Gandhi’s thinking about religion and modernity both continued and broke with the Hindu tradition he inherited. His seminal work Hind Swaraj (1909) presents a radical moral critique of modernity, a position he explicitly continued to affirm for the rest of his life. As Ashis Nandy puts it: ‘Gandhi was a traditionalist because he borrowed elements from modernity, without being defensive about them, and fitted them within the traditional Indian worldview.’ A malignant feature of modern civilisation is that it is falsely identified with dynamism and energy. This obsession with motion and movement is harmfully destabilising, upsetting human relations with the environment and undermining all sense of community. Nevertheless, Gandhi does concede some achievements to modern civilisation. He admires its open-minded spirit of scientific inquiry and appreciates some of the advantages of modern civilisation’s ability to control the natural world.

The very nature of the constitutive feature of modernity is to reduce social relations to market relations, the alienating effects of capitalism. Where Gandhi differs from other critics of modernity, however, is in his belief that modernity is still a curable disease.
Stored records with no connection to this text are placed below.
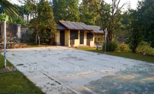 Di pekarangan belakang tersedia fasilitas lapangan badminton yang juga dapat dimanfaatkan untuk bermain futsal serta kegiatan outdoor lainnya. Villa Maharani memiliki lingkungan pekarangan yang cukup luas dan dikelilingi taman serta pepehonan yang membuat nyaman.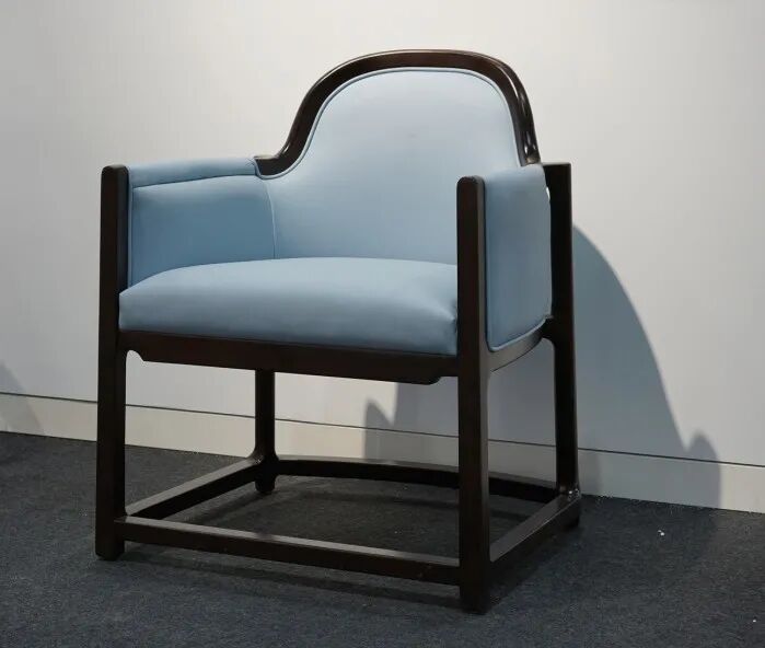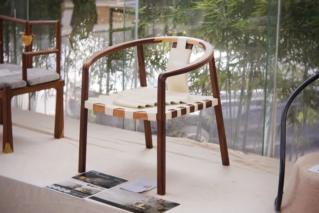 “诚椅”为茶椅,在设计的外观上依旧沿用的是圈椅的外形,保留了圈椅带给人特有的围合感。在木材上运用了深浅两种木材进行拼色;除此之外,在家具中也进行了皮的运用,大胆的提取现代服装设计的素,进行巧妙的缝制与设计。而坐面皮的造型就像是一条条弯弯的河流,贯穿着家具,既有茶室空间使用元素的表达,也兼顾了家具的细节。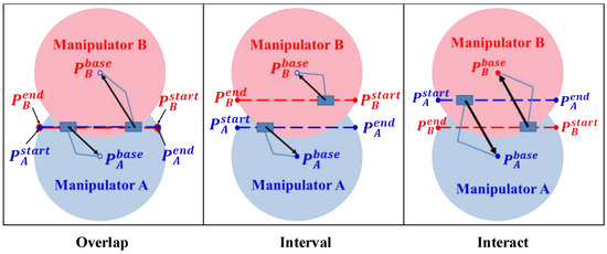 Three dual-manipulator coexistence scenarios. The blue dotted line represents the initial path of manipulator A, and the red dotted line represents the initial path of manipulator B. The blue area is the operation space of manipulator A, and the red area is the operation space of manipulator B. In the scenario of “Overlap”, the initial path of manipulator A is in the operation space of manipulator A and the initial path of manipulator B is in the operation space of manipulator B. In scenario “Interval”, the two initial paths overlap and the EEF points of the two manipulators should be driven back towards their points of departure. In scenario “Interact paths”, the avoidance strategy pushes the EEFs of the two manipulators into the working space of another manipulator, undoubtedly increasing the possibility of collision.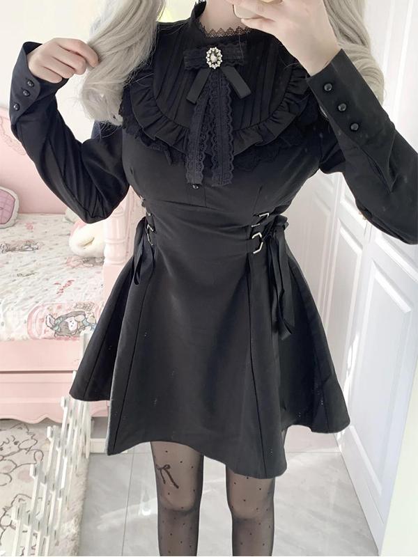 このブラック量産系♡レースワンピースは、ウエストリボンで細見えを叶えるロリータスタイルのアイテムです❕繊細なレースと長袖デザインが上品さを引き立て、甘く華やかな雰囲気を演出します✨特別なお出かけやライブなど、どんなシーンにもぴったりの一枚となっています♡

Hind Swaraj, his foundational text, a critique of modern civilisation and the plea for a return to the simple self-sufficiency of ‘traditional’ village life, is also his manifesto for ideological independence. Environmentalists, social scientists, political theorists and those most critical of contemporary ‘global’ thinking often draw upon his ideas to meet the challenges of modernity to incorporate alternative visions incorporating the strengths of modernity.

It is significant that Gandhi chose Nehru, with his modern and forward-looking outlook, as his political heir as free India required it.  The Nehru-Gandhi paradigm should take us beyond the emblematic rituals of charkha, swadeshi, mud packs and prayer meetings, to envisioning modernity not as an abrupt discontinuity with tradition but as alternative modernity seamlessly evolving from the usable past. One could also invoke the medieval Bhakti poets who questioned ritual orthodoxies and reoriented social movements toward a distinctive Indian modernity.

(The writer is former Professor and Head of the Department of English, HNB Garhwal University and former Fellow of the Indian Institute of Advanced Study, Shimla.)